UN MIRACLE EST UN SIGNE

Gn 17, 1-8 ; Mc 1, 40-45

(29 janvier 1986)

Homélie du Frère Jean-François NOEL

 

U

n miracle est un signe adapté à l'intelligence. Un signe, donc il signifie autre chose, et quelque chose de plus grand, que ce que le récit, en apparence, nous livre. Livré à l'intelligence, c'est-à-dire qu'il faut pour nous, sonder car c'est bien là le lot de l'intelligence humaine que de sonder la réalité afin d'y découvrir le mystère de Dieu.

En effet, le problème du secret de Jésus qui impose silence à ceux qu'Il guérit, nous l'expliquons souvent par le manque de crédibilité de sa mission ou la crainte qu'Il aurait d'être mal compris.
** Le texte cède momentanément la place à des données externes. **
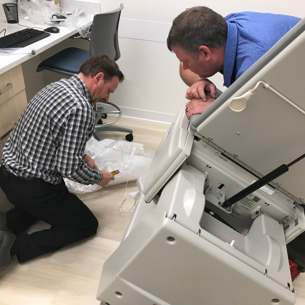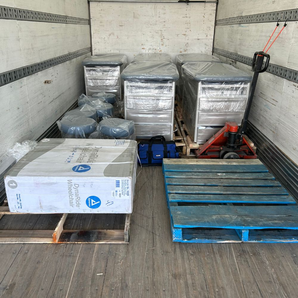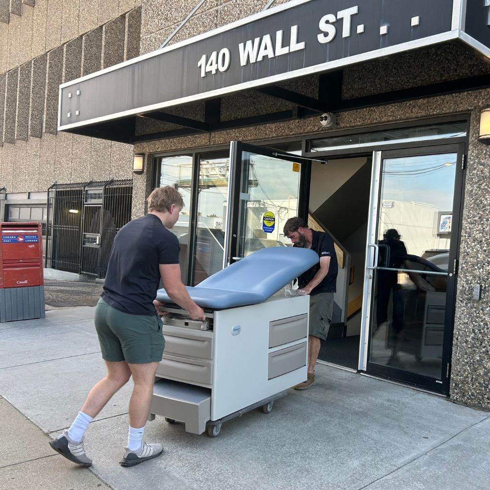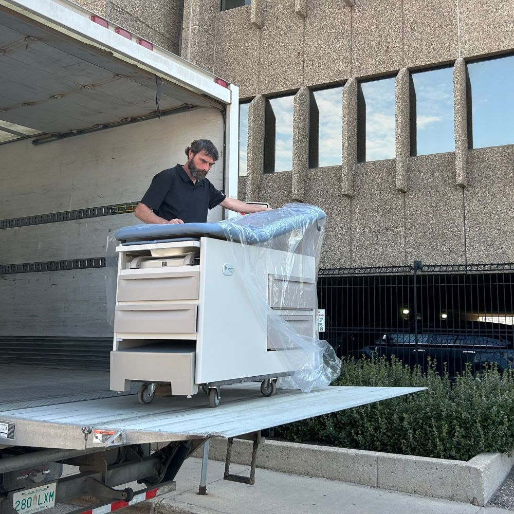 Staff members delivered medical equipment and instruments to Moose Jaw with our delivery truck. This included items such as exam tables, exam stools, procedure chairs, procedure ceiling lights, autoclaves, diagnostic wall systems, utility carts, AEDs, adult and pediatric scales, and wheelchairs. They unloaded, unwrapped, and arranged the pieces into 17 different rooms in the clinic.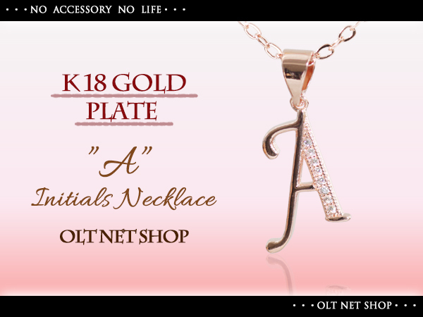 A/イニシャル/ネックレス/新品/K18GP/ピンクゴールド/レディース/18金/チェーン/アルファベット/英語/頭文字/CZ/ダイヤ/PG
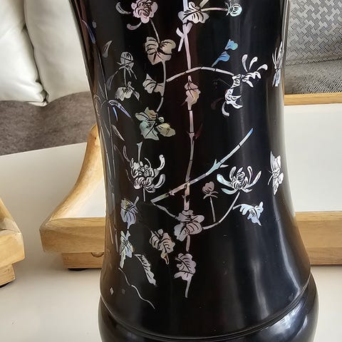 Fin stor svart vas med silverfärgade och svarta blommor på.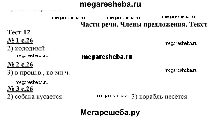 Подробный решебник (ГДЗ) по Русскому языку за 3 (третий) класс тестовые задания (тренировочные и контрольные задания) - готовый ответ часть 2. страница - 26. Авторы учебника: Корешкова. Издательство: Аст/Астрель 2018.

En l'occur­rence, pour ce récit, il en est un peu autrement. Il s'avère que si Jésus demande au lépreux de faire si­lence, il lui demande aussi d'aller voir le prêtre et de faire les rites prescrits par Moïse. C'est vrai que la volonté de Dieu n'est pas nouvelle.. Et le lépreux fait bien quand il fait appel à la volonté de Dieu : "Si tu le veux, guéris-moi !" et Jésus lui dit : "Je le veux ! Sois guéri !" Cette volonté est ancienne et elle s'est déjà inscrite dans l'Ancienne Alliance, dans l'ancienne Loi, dans l'Ancien Testament, dans finalement tout ce ca­dre que Dieu a mis en place progressivement et pa­tiemment, afin que le salut soit proclamé.

Finalement, un miracle, ce n'est pas quelque chose qui vient comme suspendu en l'air, sans aucun rapport avec ce qui précède ou avec ce qui suit. Tout au contraire, il est là comme un signe, révélant ce que, déjà, Dieu a mis en place, et en même temps signi­fiant déjà la fin. Le cadre que Dieu a mis en place, ce cadre de lois, ce cadre de commandements, ce cadre de prescriptions, Dieu ne vient pas le nier, car ce se­rait se nier Lui-même et nier l'action qu'Il a faite au­près du peuple juif qui est le peuple qui doit porter ce témoignage aux nations.

Ainsi, le lépreux, s'il a bien compris que la volonté de Dieu était de le sauver et de sauver tout le peuple juif, tout emporté par sa joie d'être guéri, en oublie finalement qu'Il a accomplir cette Loi, elle n'est pas pour autant abolie, même si effectivement, par la suite, Jésus se déclarera comme la nouvelle Loi.

Il en est ainsi pour chacun de nous. Dieu n'interviendra pas en nous comme par miracle, mais Il s'occupe, Il se préoccupe du cadre même de notre vie qui sert de matière à son intervention. Nous voudrions souvent que Dieu intervienne par un coup de baguette magique et qu'ainsi les choses s'améliorent. Il n'en est rien, car c'est notre vie en tant que telle qui est déjà tissée de l'intervention de Dieu. Déjà, avant même que nous ayons pris conscience que Dieu vient en nous et qu'Il agit afin de nous sauver, c'est ce cadre même et cette matière humaine dont nous sommes tissés qui sert à Dieu. Alors, laissons-nous guider, laissons-nous grandir en cette foi que Dieu a com­mencée avant que nous en prenions conscience. Lais­sons-nous, dans ce cadre même de l'Église dans lequel nous sommes maintenant, appeler, conduire, sans vouloir pour autant que Dieu intervienne de façon un peu magique.